Ираида Филатьевна принадлежала к тем горячим натурам, для которых каждое мимолетное желание – закон. Она целую жизнь была игрушкой и рабом этих желаний, переживая тысячи неудач, ошибок и разочарований, какие неизбежно сыплются на голову таких людей. Вместе с тем, точно для довершения всех бед, природа дала ей добрейшее сердце, которое вечно изнывало под напором неудовлетворенной любви, подталкивая ее на самые дикие выходки. Раз известная мысль попадала в голову Ираиды Филатьевны, раз она согревалась теплотой ее любвеобильного сердца, – эта мысль немедленно приводилась в осуществление. И так шла целая жизнь, какими-то пароксизмами самой лихорадочной деятельности, горячими скачками от одного предмета привязанности к другому; эта лихорадка выкупалась тяжелыми минутами уныния, давящей тоски и полным равнодушием ко всему на свете.

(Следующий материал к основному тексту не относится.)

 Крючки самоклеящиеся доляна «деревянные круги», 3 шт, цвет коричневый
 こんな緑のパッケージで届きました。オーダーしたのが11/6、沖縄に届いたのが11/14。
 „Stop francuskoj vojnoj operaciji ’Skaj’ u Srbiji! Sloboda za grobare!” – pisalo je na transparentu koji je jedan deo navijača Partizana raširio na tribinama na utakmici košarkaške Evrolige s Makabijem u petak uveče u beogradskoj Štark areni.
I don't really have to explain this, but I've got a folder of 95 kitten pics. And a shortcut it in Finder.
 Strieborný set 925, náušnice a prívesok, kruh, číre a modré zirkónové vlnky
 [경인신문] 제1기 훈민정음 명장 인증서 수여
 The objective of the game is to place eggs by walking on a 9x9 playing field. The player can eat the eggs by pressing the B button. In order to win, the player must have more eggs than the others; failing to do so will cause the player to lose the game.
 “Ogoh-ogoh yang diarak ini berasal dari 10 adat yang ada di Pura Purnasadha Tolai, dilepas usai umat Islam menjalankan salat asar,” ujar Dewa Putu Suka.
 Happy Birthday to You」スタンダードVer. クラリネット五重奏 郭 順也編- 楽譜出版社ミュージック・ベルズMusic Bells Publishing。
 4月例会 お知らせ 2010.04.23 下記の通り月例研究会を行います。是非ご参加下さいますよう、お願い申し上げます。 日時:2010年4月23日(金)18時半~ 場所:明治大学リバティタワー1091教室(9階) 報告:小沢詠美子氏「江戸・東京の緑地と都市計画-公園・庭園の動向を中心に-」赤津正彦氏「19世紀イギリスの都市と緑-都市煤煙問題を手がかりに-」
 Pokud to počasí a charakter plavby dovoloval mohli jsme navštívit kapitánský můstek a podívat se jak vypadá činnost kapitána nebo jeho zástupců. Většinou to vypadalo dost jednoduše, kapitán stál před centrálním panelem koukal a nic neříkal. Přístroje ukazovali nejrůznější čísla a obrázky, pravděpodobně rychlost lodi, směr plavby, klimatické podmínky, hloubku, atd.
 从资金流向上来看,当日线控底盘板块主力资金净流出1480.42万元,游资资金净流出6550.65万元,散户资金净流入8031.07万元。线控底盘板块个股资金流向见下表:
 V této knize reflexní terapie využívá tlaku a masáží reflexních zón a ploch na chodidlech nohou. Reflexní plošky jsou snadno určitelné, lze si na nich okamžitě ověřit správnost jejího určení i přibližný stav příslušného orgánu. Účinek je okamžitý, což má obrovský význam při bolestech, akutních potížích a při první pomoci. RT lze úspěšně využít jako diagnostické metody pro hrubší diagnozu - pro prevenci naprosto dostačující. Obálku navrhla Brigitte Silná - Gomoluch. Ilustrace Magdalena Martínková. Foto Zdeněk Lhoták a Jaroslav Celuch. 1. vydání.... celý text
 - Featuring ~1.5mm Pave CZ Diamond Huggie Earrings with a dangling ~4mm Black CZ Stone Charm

Не дальше как утром Ираида Филатьевна переживала одну из самых тяжелых минут своего мудреного существования; но тут подвернулся старик Шипицын со своей «стрелой» – и всю хандру как рукой сняло. Впрочем, она давно уже не испытывала прилива сил и теперь точно хотела наверстать даром потраченное время. Конечно, и раньше она никому не отказывала в помощи и постоянно возилась с приисковыми бабами и ребятишками, которые одолевали ее своими болезнями, нуждами и разными бедами приискового житья-бытья. Но такая деятельность не удовлетворяла кипучей натуры Ираиды Филатьевны, не поглощала всех сил, не заставляла переживать мучительных часов ожидания и щемящей тоски.

Теперь другое дело.

Когда Шипицын еще рассказывал о «стреле», в голове Ираиды Филатьевны успел сложиться самый блестящий план не только освобождения этой девушки, но и окончательного устройства ее на. прииске. Она дала Шипицыну уклончивый ответ только под влиянием той выдержки, какая еще сохранилась в ней каким-то чудом.

 

«Mademoiselle Anastasie… Настенька… Настя…»-шептала про себя Ираида Филатьевна, с нетерпением дожидаясь ночи.

Она уже любила эту пятнадцатилетнюю девочку, жертву бедности, людского эгоизма и развращенности. Это чувство охватило ее с особенной силой и заставило ее сорокалетнее сердце бить усиленную тревогу, точно эта Настенька была ее собственной дочерью, которая когда-то была потеряна, а теперь вдруг нашлась… Да, она, эта Настенька, всего в тридцати верстах от Коковинского прииска, и Ираида Филатьевна осыпала детище своей фантазии самыми ласковыми, нежными именами, какие может – придумать только любящая женская душа. За ужином Ираида Филатьевна все время думала о том, что-то теперь делает ее Настенька на Вогульском прииске? Может быть, там идет бешеная оргия, и этот ребенок улыбается своим палачам. Дальше ей представлялось, что девушка переживает самую горькую нужду. Так может думать только мать о своих детях, придумывая и переживая тысячи несуществующих затруднений и опасностей. Словом, Ираиду Филатьевну охватила всесильная страсть, страсть совершенно особенного рода: раньше она любила только мужчин, а теперь всей душой прилепилась к совершенно неизвестной ей девушке.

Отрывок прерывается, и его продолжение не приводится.